Наполеон чуть поворотил голову назад и отвел назад свою маленькую пухлую ручку, как будто желая взять что то. Лица его свиты, догадавшись в ту же секунду в чем дело, засуетились, зашептались, передавая что то один другому, и паж, тот самый, которого вчера видел Ростов у Бориса, выбежал вперед и почтительно наклонившись над протянутой рукой и не заставив ее дожидаться ни одной секунды, вложил в нее орден на красной ленте. Наполеон, не глядя, сжал два пальца. Орден очутился между ними. Наполеон подошел к Лазареву, который, выкатывая глаза, упорно продолжал смотреть только на своего государя, и оглянулся на императора Александра, показывая этим, что то, что он делал теперь, он делал для своего союзника. Маленькая белая рука с орденом дотронулась до пуговицы солдата Лазарева. Как будто Наполеон знал, что для того, чтобы навсегда этот солдат был счастлив, награжден и отличен от всех в мире, нужно было только, чтобы его, Наполеонова рука, удостоила дотронуться до груди солдата. Наполеон только прило жил крест к груди Лазарева и, пустив руку, обратился к Александру, как будто он знал, что крест должен прилипнуть к груди Лазарева. Крест действительно прилип.
Русские и французские услужливые руки, мгновенно подхватив крест, прицепили его к мундиру. Лазарев мрачно взглянул на маленького человечка, с белыми руками, который что то сделал над ним, и продолжая неподвижно держать на караул, опять прямо стал глядеть в глаза Александру, как будто он спрашивал Александра: всё ли еще ему стоять, или не прикажут ли ему пройтись теперь, или может быть еще что нибудь сделать? Но ему ничего не приказывали, и он довольно долго оставался в этом неподвижном состоянии.
Государи сели верхами и уехали. Преображенцы, расстроивая ряды, перемешались с французскими гвардейцами и сели за столы, приготовленные для них.
Лазарев сидел на почетном месте; его обнимали, поздравляли и жали ему руки русские и французские офицеры. Толпы офицеров и народа подходили, чтобы только посмотреть на Лазарева. Гул говора русского французского и хохота стоял на площади вокруг столов. Два офицера с раскрасневшимися лицами, веселые и счастливые прошли мимо Ростова.
– Каково, брат, угощенье? Всё на серебре, – сказал один. – Лазарева видел?
– Видел.
– Завтра, говорят, преображенцы их угащивать будут.
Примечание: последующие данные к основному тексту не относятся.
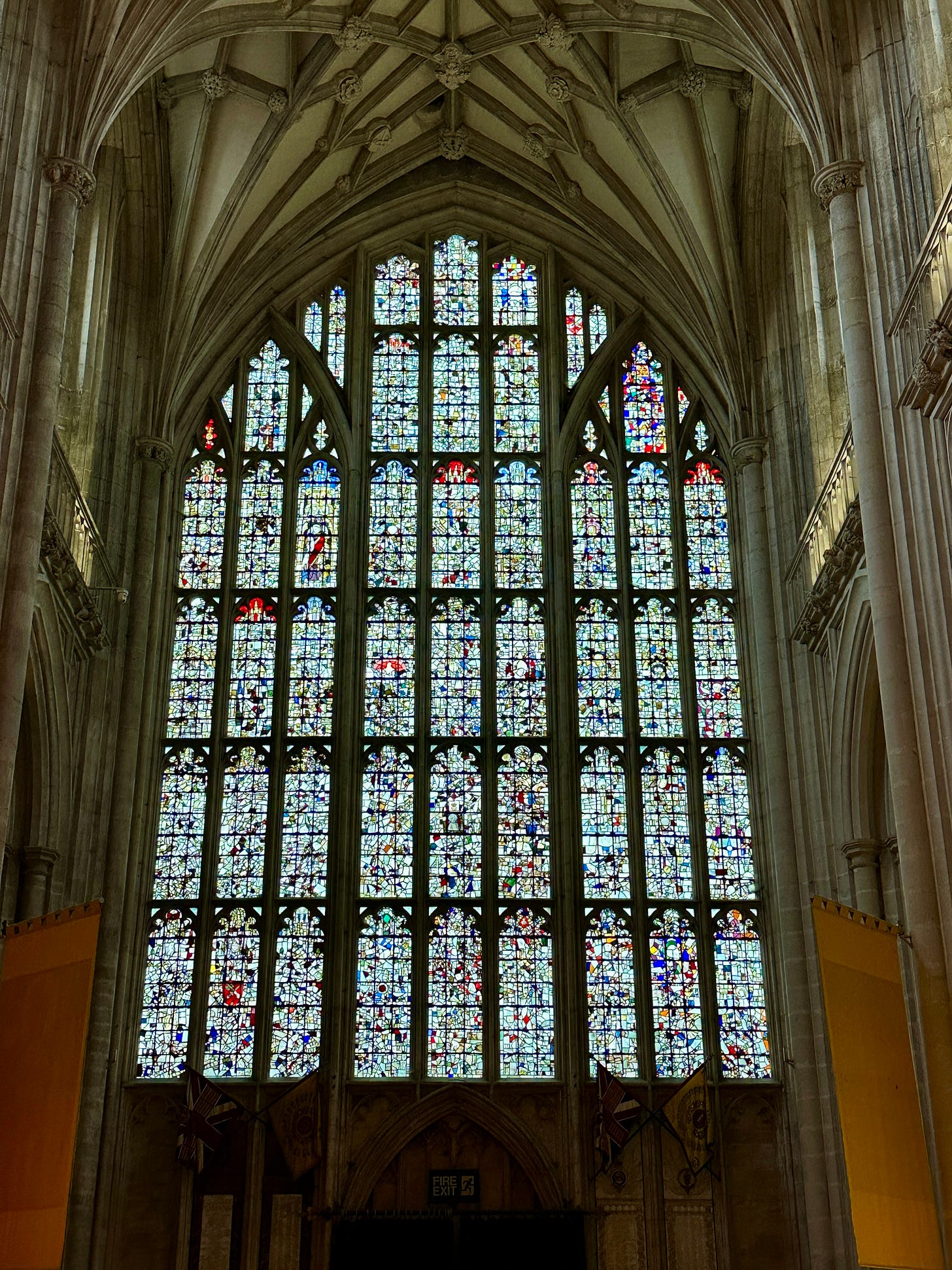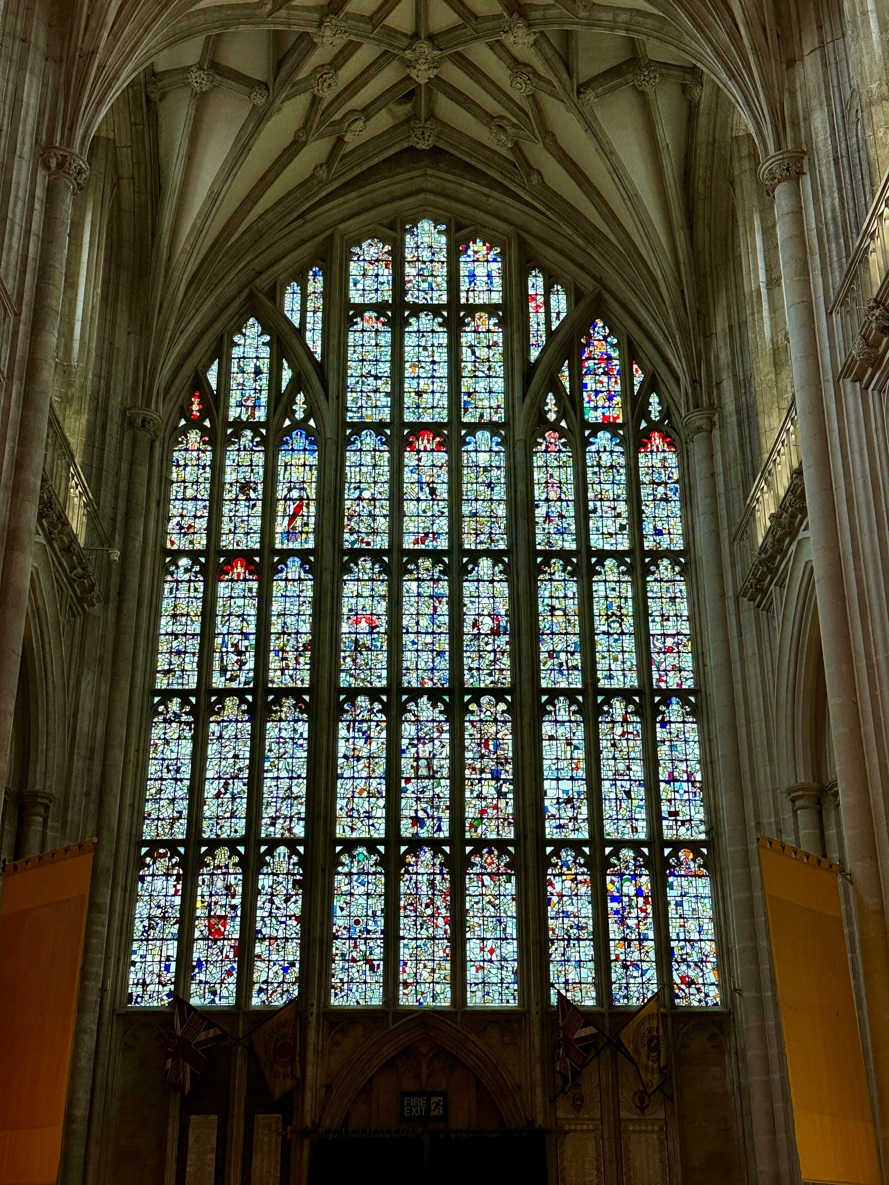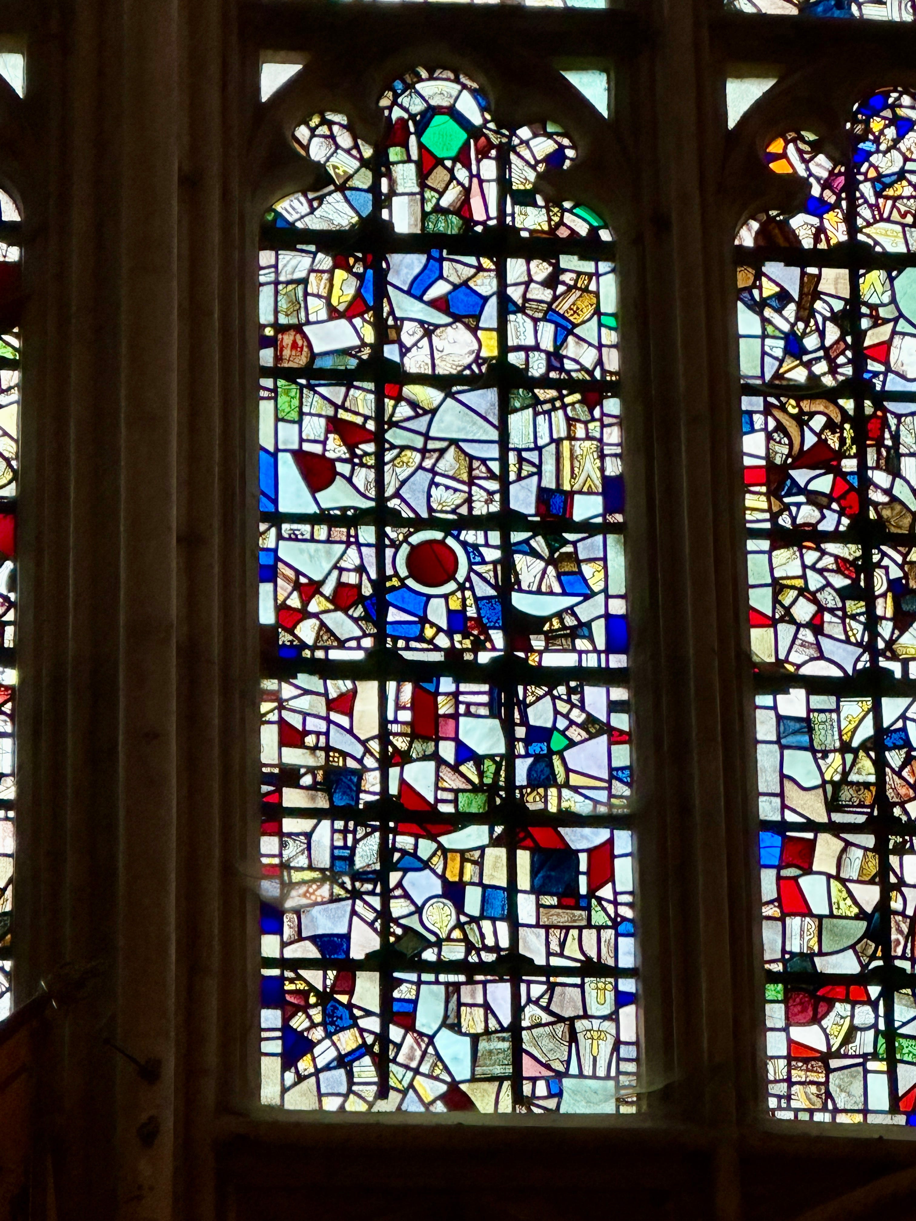 We immediately noticed the unique stained glass window inside the cathedral. It was beautiful, but the design didn’t seem to represent any specific scene as is typical of most stained glass in churches. Instead, it was a mosaic of thousands of pieces of broken stained glass.

– Нет, Лазареву то какое счастье! 10 франков пожизненного пенсиона.
– Вот так шапка, ребята! – кричал преображенец, надевая мохнатую шапку француза.
– Чудо как хорошо, прелесть!
– Ты слышал отзыв? – сказал гвардейский офицер другому. Третьего дня было Napoleon, France, bravoure; [Наполеон, Франция, храбрость;] вчера Alexandre, Russie, grandeur; [Александр, Россия, величие;] один день наш государь дает отзыв, а другой день Наполеон. Завтра государь пошлет Георгия самому храброму из французских гвардейцев. Нельзя же! Должен ответить тем же.
Борис с своим товарищем Жилинским тоже пришел посмотреть на банкет преображенцев. Возвращаясь назад, Борис заметил Ростова, который стоял у угла дома.
– Ростов! здравствуй; мы и не видались, – сказал он ему, и не мог удержаться, чтобы не спросить у него, что с ним сделалось: так странно мрачно и расстроено было лицо Ростова.
– Ничего, ничего, – отвечал Ростов.
– Ты зайдешь?
– Да, зайду.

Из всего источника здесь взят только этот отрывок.